Determination of the Procoagulant Activity of Extracellular Vesicle (EV) Using EV-Activated Clotting Time (EV-ACT)

This protocol investigates the use of extracellular vesicle (EV)-rich plasma as an indicator of the coagulative ability of EV. EV-rich plasma is obtained through a process of differential centrifugation and subsequent recalcification.

Our primary focus is on coagulation disorders in patients who have suffered brain trauma. In this study, we try to monitor changes in the clotting function with extracellular vesicle activity clotting time. Our teams put attention on the research of brain injury and in the brain injury, there are severe condition we call the hyper coagulated state, it's very difficult to measure and we find in the blood of patient there are some micro vesicles we call extracellular vesicles, including the apoptosis body, micro vesicle, and exosome.

And they are different in the pro-coagulated ability so we must find a method to measure the ability. And this method we can acute quickly to find the difference of the extracellular vesicles. That's very important.

Depend on this measure, we can do many things. We have make sure in the TPI mice and the clinical patient, especially in the peripheral circulation, it will cost some embolization that is very, very serious in the clinical. Our protocol offered a significant advantage compared to other techniques due to its simplicity, cost effectiveness, and speed.

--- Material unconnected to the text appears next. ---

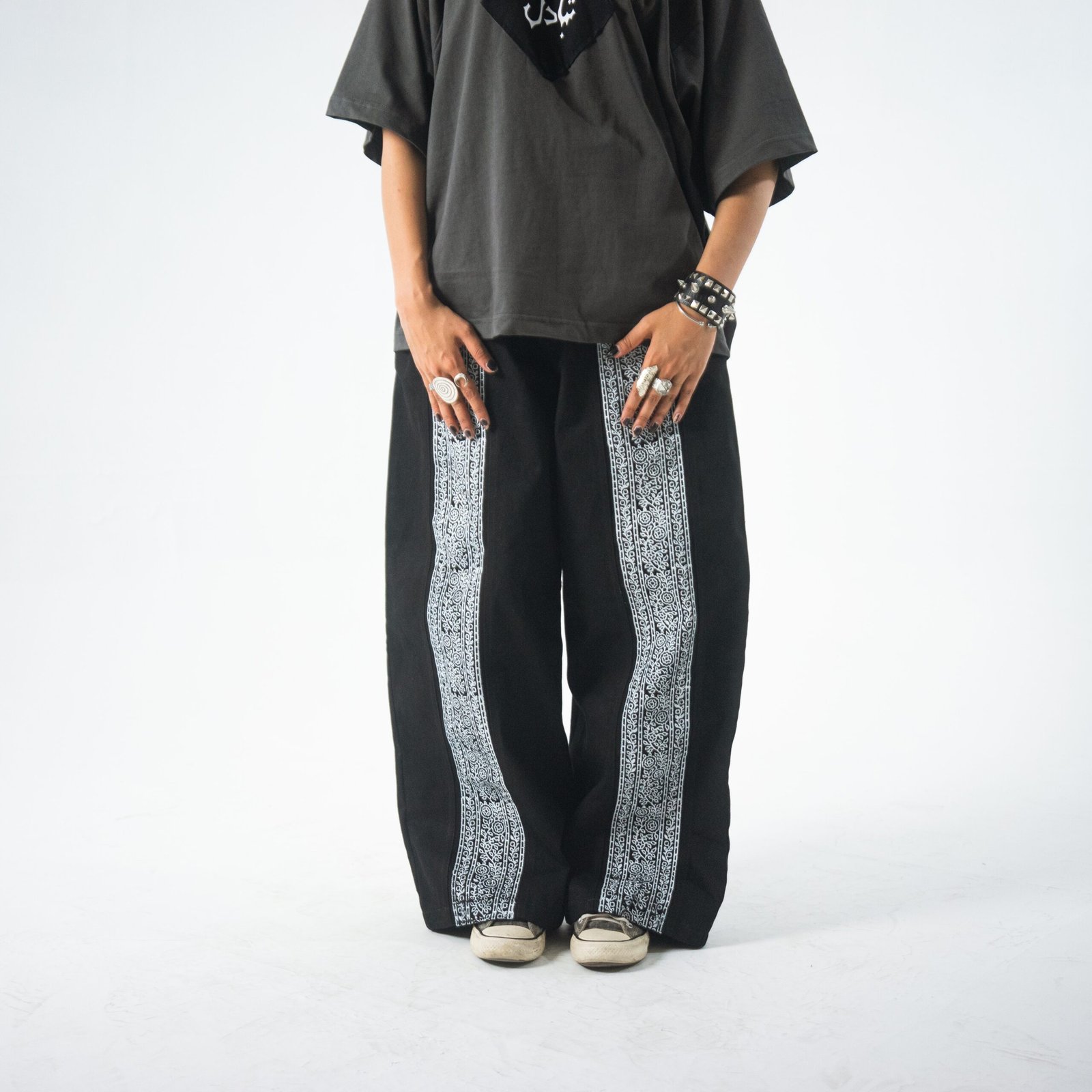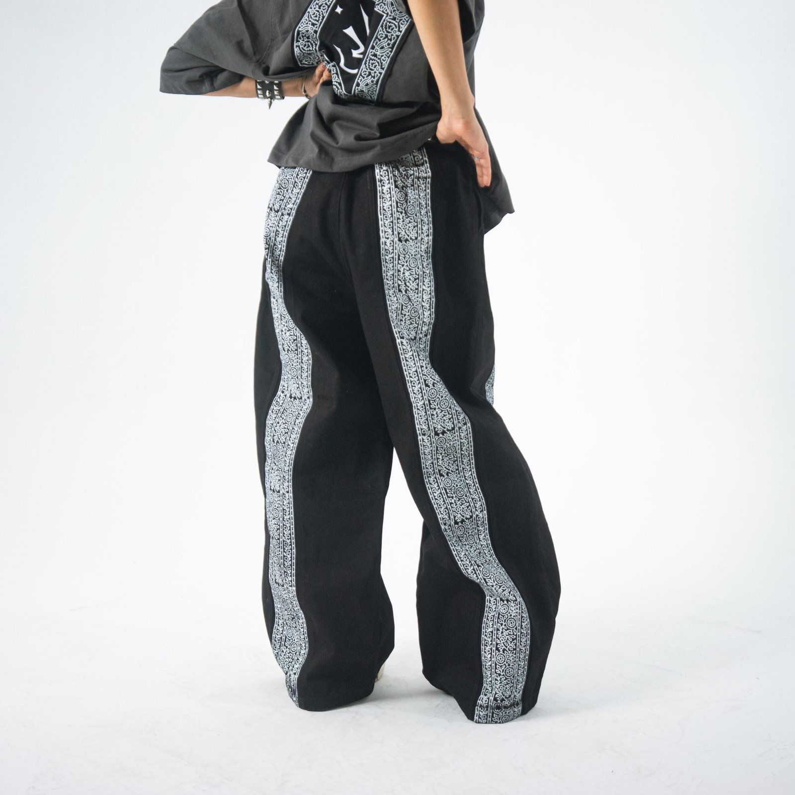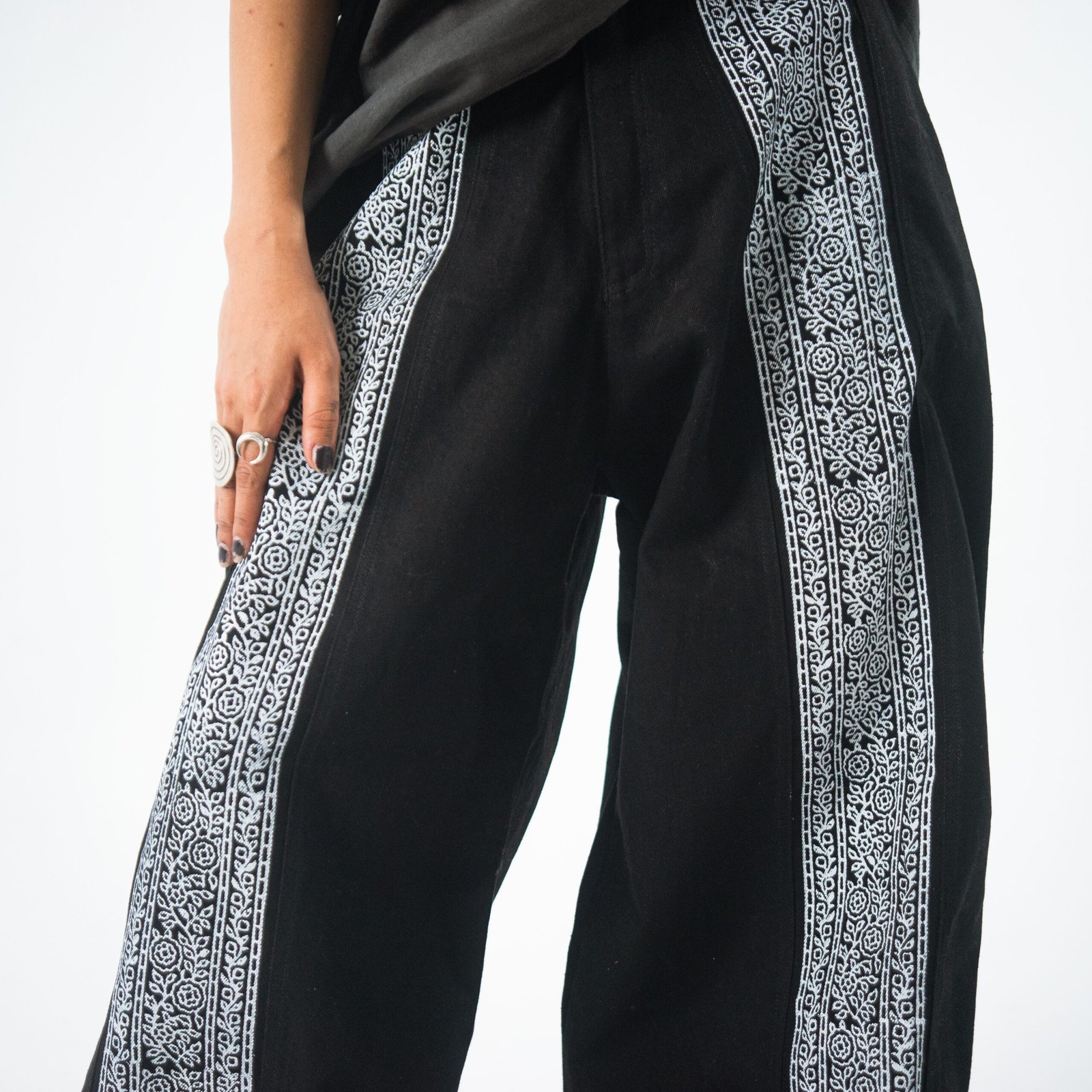 These statement pants are crafted with intention and cultural reverence. Each front and back leg is divided into three distinct panels, carefully stitched together to create a structured yet fluid silhouette. The center panels feature a hand blockprinted floral pattern, paying tribute to Pakistani traditional craftsmanship and the beauty of handmade textile art.

It allows for a blood clotting test to be conducted at the bedside, eliminating the need for extensive laboratory processing. Our research have established a new method that can measure the hyper coagulated states of the peripheral blood. It can be used not only in the TPI, we can also use in other disease such as Suplasia preeclampsia, tumor and hematology disease.

In the future we have planned to investigate the zoo of EV ACT in scanning for clinical hypercoagulability, a condition that increase the risk of blood clot. To begin centrifuge the human blood at 120 G for 20 minutes at room temperature to remove the blood cells, then transfer the upper half of the supernatant to a new tube. Next centrifuge the platelet rich plasma to remove the platelets and transfer the upper half of the supernatant to a new tube.

Then remove the cell debris by centrifuging the platelet poor plasma at 13, 000 G for two minutes. Transfer the upper half of the supernatant to a new tube, turn on the clot analyzer to detect extracellular vesicle or EV activated clotting time and preheat the instrument to 37 degrees Celsius. Install the disposable probe and test cup, then start the quality control procedure of the machine.

After the quality control run, enter sample information into the system. Then add 200 microliters of EV rich plasma to the test cup, followed by 20 millimolar, 170 microliters of calcium chloride. Click the start button, close the cover and allow the probe to detect the change in sample resistance.

The unqualified EV samples exhibit a distinct cluster with a slightly larger particle size near the gate of EV.In contrast, qualified EV rich samples showed most signals within the gate of EV as a single group. An increase in EV concentration, shortened EV activated clotting time, while a decrease in EV concentration, prolonged EV activated clotting time. EV rich plasma samples from patients with preeclampsia, hip fractures, and lung cancer had significantly shorter EV activated clotting time compared to healthy volunteers.